In 2014, then-U.S. Rep. Gardner was criticized for supporting so-called personhood bills at the state and federal level, which could have blocked access to contraception. But he rescinded that support during the Senate campaign and backed legislation allowing for over-the-counter oral contraception sales. He reintroduced the idea this March with a women’s choice message.

“Our legislation recognizes the need to make contraceptives affordable and accessible, and it’s time that Congress put politics aside to allow women the ability to make their own decisions about safe, effective, and long-established methods of contraception,” the senator said at the time.

Gardner’s office declined an interview request from The Denver Post this week. Asked about Alabama’s restrictions on abortion by Politico, he told the news outlet that he is pro-life but hasn’t read the Alabama law. Abortion should be left up to the states, the senator said.

When Gardner won in 2014 as a pro-life Republican, 59 percent of Coloradans told a Pew survey that abortion should be legal. The state had overwhelmingly rejected personhood. Mathematically, Udall’s decision to focus on abortion seemed to be a winning strategy, yet it wasn’t. Gardner sidestepped it then with a focus on contraception access, which he continues to talk about.

The Democrats who have lined up to challenge Gardner in 2020 are clamoring to show they are best suited to debate abortion politics with him and point out what they say is his anti-woman record.

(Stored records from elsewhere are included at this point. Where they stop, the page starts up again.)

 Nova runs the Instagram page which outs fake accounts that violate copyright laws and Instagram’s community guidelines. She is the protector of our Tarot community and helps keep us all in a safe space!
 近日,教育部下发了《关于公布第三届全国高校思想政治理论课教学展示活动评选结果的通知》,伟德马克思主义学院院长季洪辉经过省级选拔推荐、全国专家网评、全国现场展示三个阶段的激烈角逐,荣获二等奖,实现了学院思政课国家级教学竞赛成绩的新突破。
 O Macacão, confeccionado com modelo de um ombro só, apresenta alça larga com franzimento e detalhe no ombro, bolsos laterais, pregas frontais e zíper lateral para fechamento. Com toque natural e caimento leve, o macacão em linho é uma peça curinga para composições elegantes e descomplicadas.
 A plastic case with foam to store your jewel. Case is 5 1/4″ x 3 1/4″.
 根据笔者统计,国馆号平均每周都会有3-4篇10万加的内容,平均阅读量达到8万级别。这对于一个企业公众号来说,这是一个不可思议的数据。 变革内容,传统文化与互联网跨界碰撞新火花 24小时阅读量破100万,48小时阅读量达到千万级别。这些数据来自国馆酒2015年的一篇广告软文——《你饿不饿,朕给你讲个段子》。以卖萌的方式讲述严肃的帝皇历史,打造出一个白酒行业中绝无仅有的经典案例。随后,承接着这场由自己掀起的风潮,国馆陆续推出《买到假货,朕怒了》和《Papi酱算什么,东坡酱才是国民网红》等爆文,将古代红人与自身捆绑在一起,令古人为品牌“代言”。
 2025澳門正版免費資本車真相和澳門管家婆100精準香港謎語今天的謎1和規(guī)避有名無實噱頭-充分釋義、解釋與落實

“This may not be a place where the (Democratic) candidates differ but I’m going to try to make the case that I’ve got the best ability to not just unite the Democratic Party but reach across the aisle and carry our message across the state,” Andrew Romanoff, a former Colorado House speaker, said in an interview Monday.

Other candidates who have served in public office plan to point to their own records. Madden was a board member at Planned Parenthood of the Rocky Mountains. Mike Johnston, a former state senator, has told donors he wants to codify abortion protections into law and repeal the Hyde Amendment, which prohibits taxpayer money for abortions. Former U.S. Attorney John Walsh, who was at the Colorado Springs Planned Parenthood shooting in 2015, believes he’s best suited to quiz judicial nominees on abortion.

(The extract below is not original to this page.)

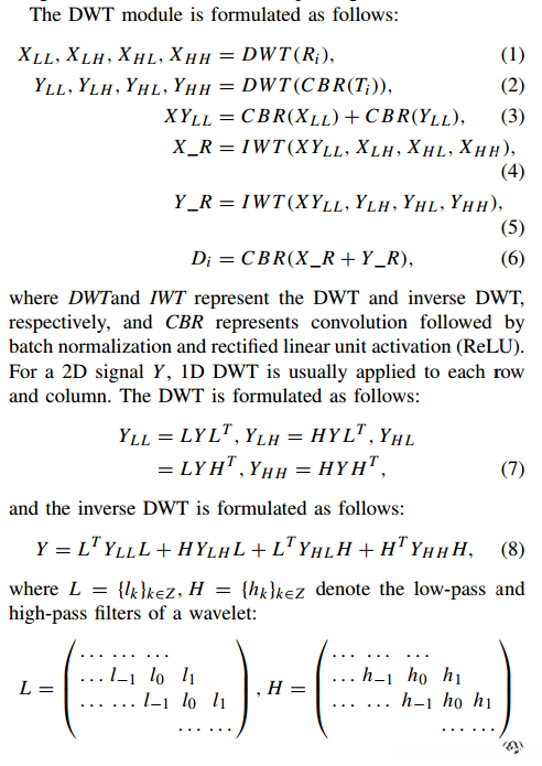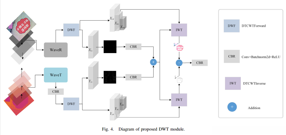 我们通过将RGB与热红外特征的低频分量进行融合处理,并结合逆离散沃尔特变换(Inv-DWT)重构其完整的DWT信息。随后将重构后的完整DWT信息整合到网络架构中以提升其性能。
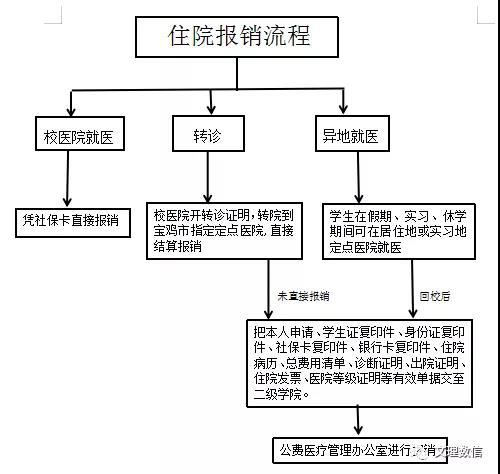 如寒暑假、实习、休学期间在外地住院的员工,出院后提交相关材料由公费医疗管理办公室与渭滨区医保中心联系办理住院报销手续。

“John’s decades of legal experience in federal courtrooms — as United States attorney, federal white-collar prosecutor and private trial lawyer — uniquely qualify him to take on this crucial role as Colorado’s senator in order to protect women’s rights,” said Walsh spokesman Andrew Markoff.

Pastor and professor Stephany Rose Spaulding says Gardner has a “hatred for women’s health care.” Former diplomat Dan Baer has tried to lay Alabama’s law at the feet of Gardner, saying Republican legislatures “are walking through a door” opened by the Republican U.S. Senate. Several of the Democrats have vowed to never confirm a judge who doesn’t support abortion rights.

“When Cory Gardner ran, his supporters smeared Senator Mark Udall as ‘Mark Uterus’ because he was strongly pro-choice,” Baer said. “That nickname was meant as a slur, a sexist slur — it was about invoking sexism to make people uncomfortable by talking about a part of women’s bodies.”

In that 2015 interview, Udall said he was “confounded” that his attacks on Gardner’s abortion record didn’t stick with voters. “I could seemingly never get people to see the difference,” he said.

But there was a Udall television ad in 2014 that did work, according to Gardner’s campaign. It featured Udall on a ranch in blue jeans, espousing the virtues of rugged individualism and freedom that have defined the West. It did not mention Cory Gardner, or abortion.